# Computer does not assign valid IP configuration



## MrFoogie (Sep 30, 2013)

Hello all. Last year I installed Windows 8 on a hand-me-down desktop computer my brother gave me. It previously had Vista on it. The installation went perfectly fine, and I had no issues with any functionality. Then, randomly some months ago my network driver (I believe that was the issue, although I am still unsure) decided to conk out and no longer connect to the internet, via ethernet or not. I just bought an 802.IN USB wireless adaptor, and it isn't working either. The error I get is "Wi-Fi 3" doesn't have a valid IP configuration. 

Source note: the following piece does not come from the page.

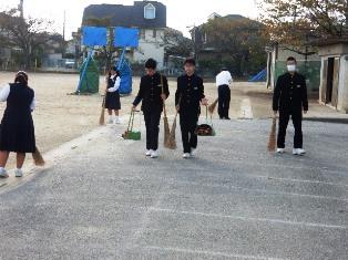 あいさつ運動の前に校庭の掃除をしています。ありがとうございました。
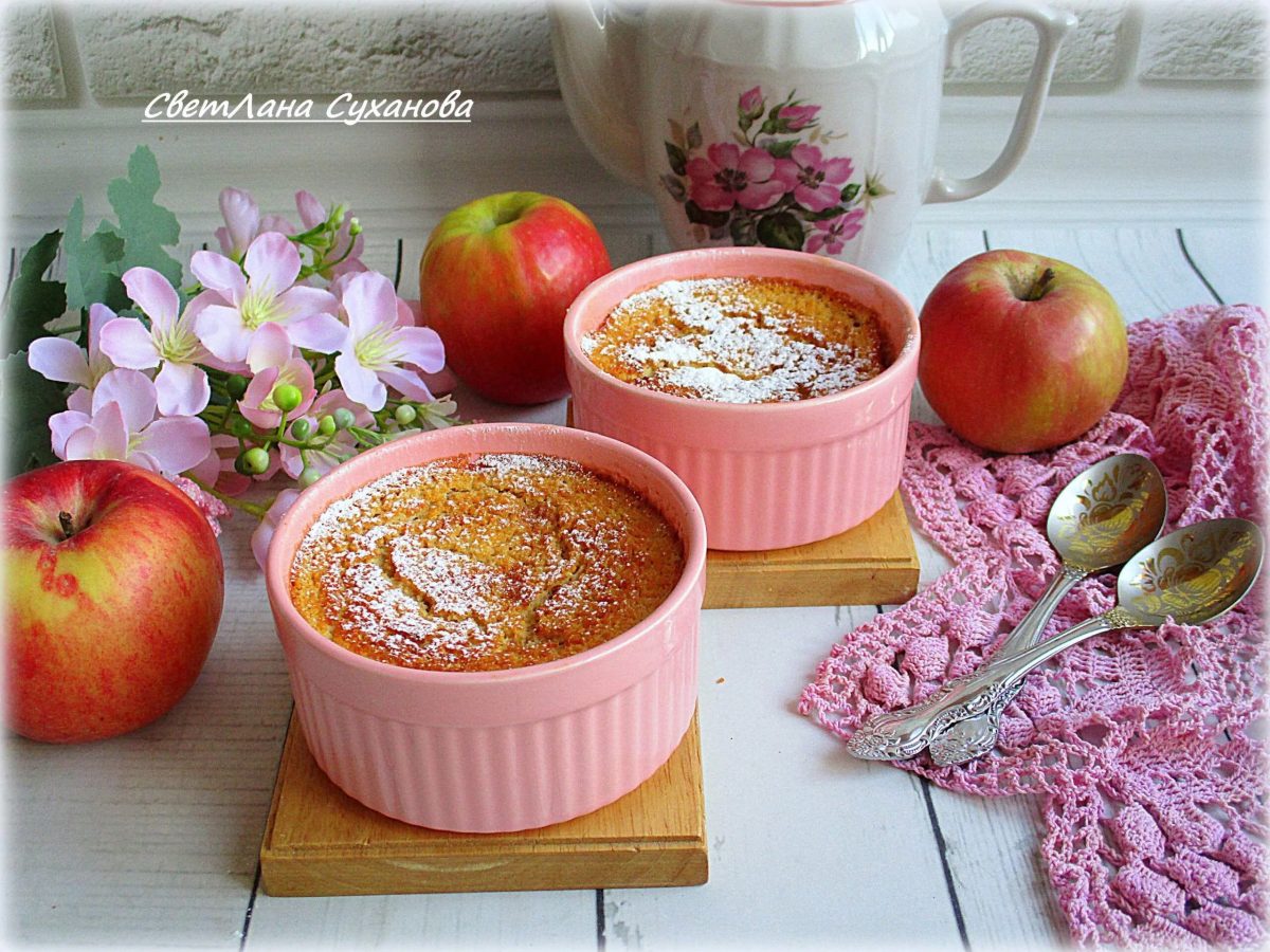 Выпекайте в разогретой до 190 °C духовке около 30 минут. Суфле заметно поднимется, а затем немного осядет при остывании — это нормально. - Посыпьте остывшее суфле сахарной пудрой. Подавайте охлаждённым — особенно вкусно со сметаной или несладким йогуртом.

I've tried fixing this error in many ways, including attempting to set a static IP address, doing the whole netsh int ipv4 reset reset.log, netsh int ipv6 reset reset.log, and etc. The netsh ip reset commands are not working, and give me an "access denied" error. Here is some info from my ipconfig/all settings:

Windows IP Configuration

Host name: Kyle_Desktop
Primary Dns Suffix: 
Node Type: Mixed
IP Routing Enabled: No
WINS Proxy Enabled: No

Wireless LAN adapter Wi-Fi 3:

Connection-specific DNS Suffix:
Description: 802.11n USB Wireless LAN Card
Physical Address: 00-0F-54-12-B9-50
DHCP Enabled: Yes
Autoconfiguration Enabled: Yes
Link-local IPv6 Address: fe80::5f7:c8c7:294e:c406%25<Preferred>
Autoconfiguration IPv4 Address: 169.254.196.6<Preferred>
Subnet Mask: 255.255.0.0
Default Gateway:
DHCPv6 IAID: 419434324
DHCPv6 Client DUID: 00-01-00-01-18-22-08-E1-00-1E-90-01-8A-CB

DNS Servers: 8.8.8.8 [I set this one myself. Normally it was blank I think]
8.8.4.4

NetBIOS over Tcpip: Enabled



Help...?


----------



## spunk.funk (May 13, 2010)

Your IP Config log shows that your *Default Gateway *(your router) is not showing an IP address. So it's not connected to your router. 
Try connecting to your router by Ethernet cable and do another *ipconfig /all* command and copy _all_ of the text and paste it in your next post


----------



## MrFoogie (Sep 30, 2013)

Well, I fixed it. I accessed the router with my laptop, found the IP address, and other settings, and used them to set a static IP address. Internet now works. I don't know why I didn't try that before. My computer however still doesn't seem to want to automatically fetch the IP address itself. I don't know why. I guess that problem still isn't fixed, but at least I have internet.


----------



## spunk.funk (May 13, 2010)

If you have assigned a static IP address, then DHCP is not enabled on the Laptop and it will not be able to receive a broadcasted IP address. 
If DHCP is enabled on the router, then it should broadcast an IP address if the laptop is set to *Obtain an IP address Automatically*. Log into the Router setup and make sure *DHCP *is *Enabled. *


----------



## MrFoogie (Sep 30, 2013)

I have DHCP enabled on my router. This problem has persevered months and through many different internet connection points. Before I entered in the static IP address, the settings were set to automatically receive an IP address, but it simply never did.


----------



## DigitalNomad (Sep 14, 2012)

Just to get more information on the issue, what brand/model is your router?


----------



## MrFoogie (Sep 30, 2013)

A 2-wire 2701HG-S Gateway.


----------